Introduction Section
There are two big branches of methods for classification. One is called generative modeling, the other is called discriminative modeling. Logistic regression for classification is a discriminative modeling approach, where we estimate the posterior probabilities of classes given X directly without assuming the marginal distribution on X.
It preserves linear classification boundaries.
A review of the Bayes rule shows that when we use 0-1 loss, we pick the class k that has the maximum posterior probability:
\(\hat{G}(x)= \text{arg } \underset{k}{max}Pr(G=k|X=x) \)
The decision boundary between classes k and l is determined by the equation:
\(Pr(G=k|X=x) =Pr(G=l|X=x) \)
that is, the x's at which the two posterior probabilities of k and l are equal.
If we divide both sides by \(Pr(G = l | X = x)\) and take the log of this ratio, the above equation is equivalent to:
\(\text{log } \frac{Pr(G=k|X=x)}{Pr(G=l|X=x)}=0 \)
Since we want to enforce a linear classification boundary, we assume the function above is linear (below):
\(\text{log } \frac{Pr(G=k|X=x)}{Pr(G=l|X=x)}=a_{0}^{(k,l)}+\sum_{j=1}^{p}a_{j}^{(k,l)}x_j \)
This is the basic assumption of logistic regression (simple indeed).

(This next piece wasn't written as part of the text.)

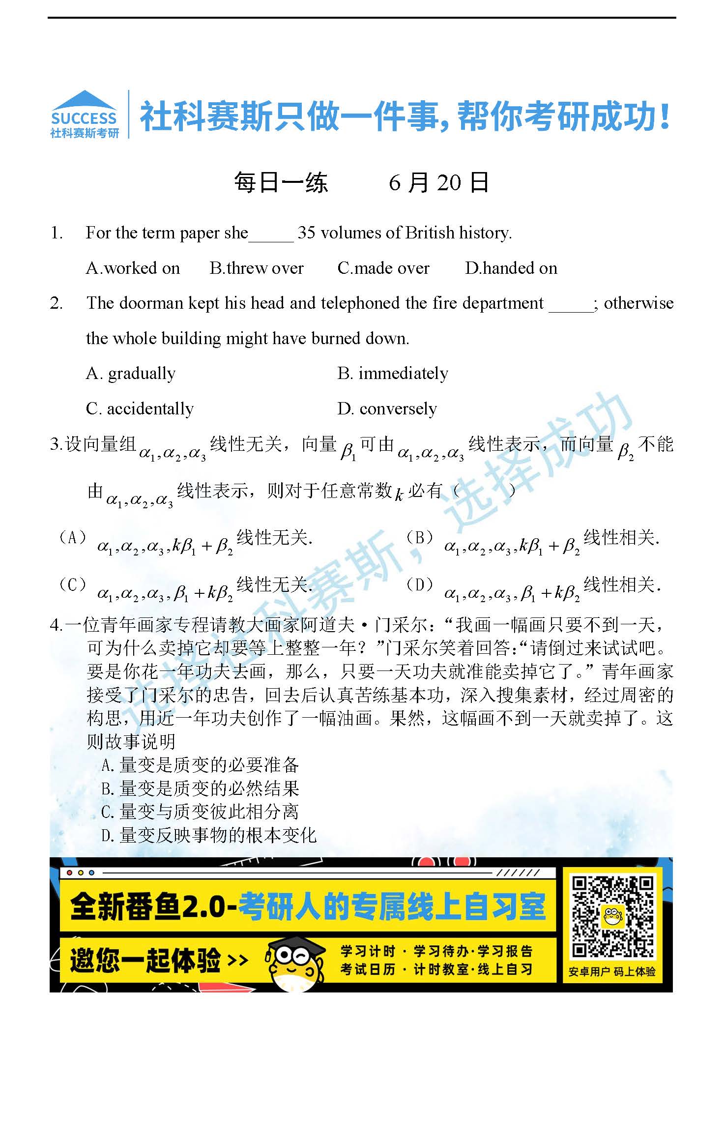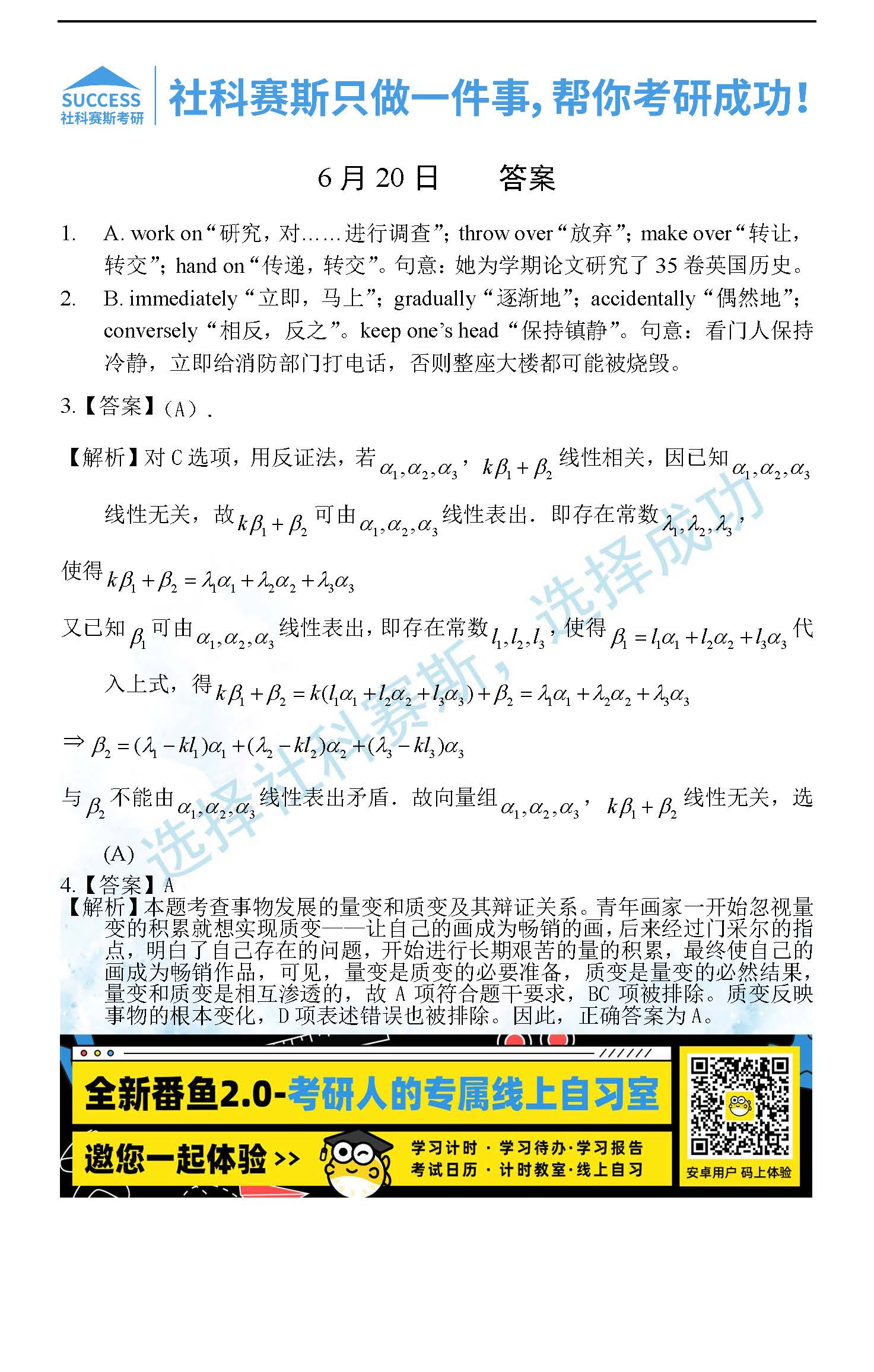 考研是一場持久戰(zhàn),保持良好的學(xué)習(xí)習(xí)慣,是能確保復(fù)習(xí)高效的關(guān)鍵。今天社科賽斯考研網(wǎng)小編整理了“2022考研每日一練:6月20日管理類聯(lián)考每日一練及答案”的內(nèi)容,希望能對廣大考生有所幫助。
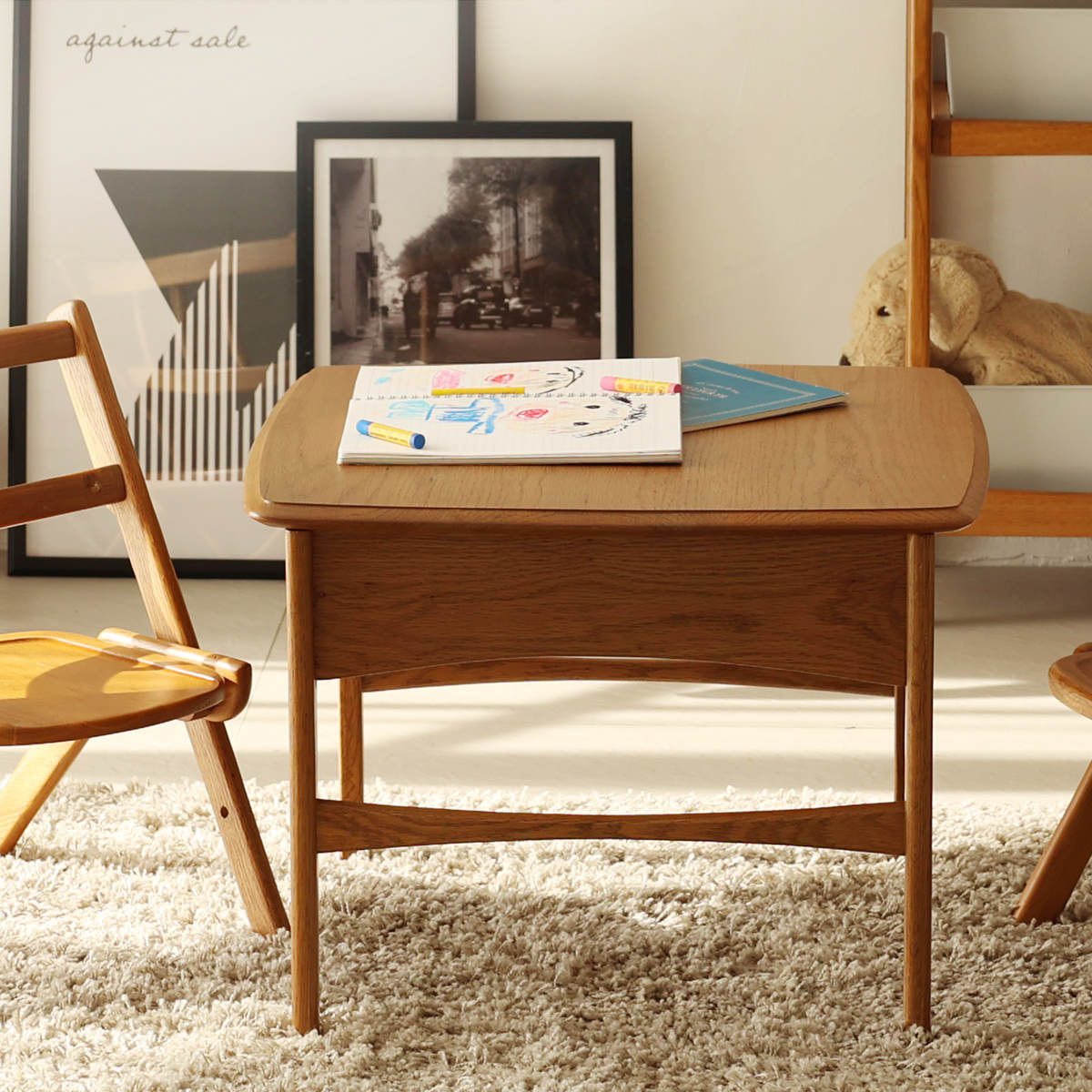天板や脚部にはオーク無垢材を贅沢に使用した折りたたみ式学習机です。使うほどに味わいが深まる天然木の風合いが、お子さまの暮らしにやさしく寄り添います。

We use the superscript (k, l) on the coefficients of the linear function because, for every pair of k and l, the decision boundary would be different, determined by the different coefficients.
For logistic regression, there are restrictive relations between \(a ^ { ( k , l ) }\) for different pairs of (k, l). We don't really need to specify this equation for every pair of k and l. Instead, we only need to specify it for K - 1 such pairs.
Assumptions
Let's look at our assumptions. If we take class K as the base class, the assumed equations are:
\(\text{log } \frac{Pr(G=1|X=x)}{Pr(G=K|X=x)}=\beta_{10} + \beta_{1}^{T}x \)
\(\text{log } \frac{Pr(G=2|X=x)}{Pr(G=K|X=x)}=\beta_{20} + \beta_{2}^{T}x \)
\(\vdots\)
\(\text{log } \frac{Pr(G=K-1|X=x)}{Pr(G=K|X=x)}=\beta_{(K-1)0} + \beta_{K-1}^{T}x \)
This indicates that we don't have to specify the decision boundary for every pair of classes. We only need to specify the decision boundary between class j and the base class K. (You can choose any class as the base class - it doesn't really matter.)
Once we have specified the parameters for these K - 1 log ratios, then for any pair of classes (k, l), we can derive the log ratios without introducing new parameters:
\(\text{log } \frac{Pr(G=k|X=x)}{Pr(G=l|X=x)}=\beta_{k0} + \beta_{l0}+(\beta_k - \beta_l)^{T}x \)
Number of parameters: \((K - 1)(p + 1)\).
For convenience, we will denote the entire parameter set by θ and arrange them in this way:
\(\theta =\{ \beta_{10},\beta_{1}^T,\beta_{20},\beta_{2}^T, ... , ,\beta_{(K-1)0},\beta_{K-1}^T\} \)
The log ratios of posterior probabilities are called log-odds or logit transformations.
Under these assumptions, the posterior probabilities are given by the following two equations:
\( Pr(G=k|X=x)=\frac{\text{exp }(\beta_{k0} + \beta_{k}^{T}x)}{1+\sum_{l=1}^{K-1}\text{exp }(\beta_{l0} + \beta_{l}^{T}x)} \text{ for } k = 1, ... , K - 1 \)
\( Pr(G=K|X=x)=\frac{1}{1+\sum_{l=1}^{K-1}\text{exp }(\beta_{l0} + \beta_{l}^{T}x)} \)
For \(Pr(G = k | X = x)\) given above, obviously
- These must sum up to 1: \(\sum_{k=1}^{K} Pr(G=k|X=x)=1 \)
- A simple calculation shows that the assumptions are satisfied.
Comparison with Linear Regression on Indicators
Similarities:
- Both attempt to estimate \(Pr(G = k | X = x)\).
- Both have linear classification boundaries.
- Posterior probabilities sum to 1 across classes.
Difference:
- Linear regression on indicator matrix: approximate \(Pr(G = k | X = x)\) by a linear function of x. \(Pr(G = k | X = x)\) is not guaranteed to fall between 0 and 1.
- Logistic regression: \(Pr(G = k | X = x)\) is a nonlinear function of x. It is guaranteed to range from 0 to 1.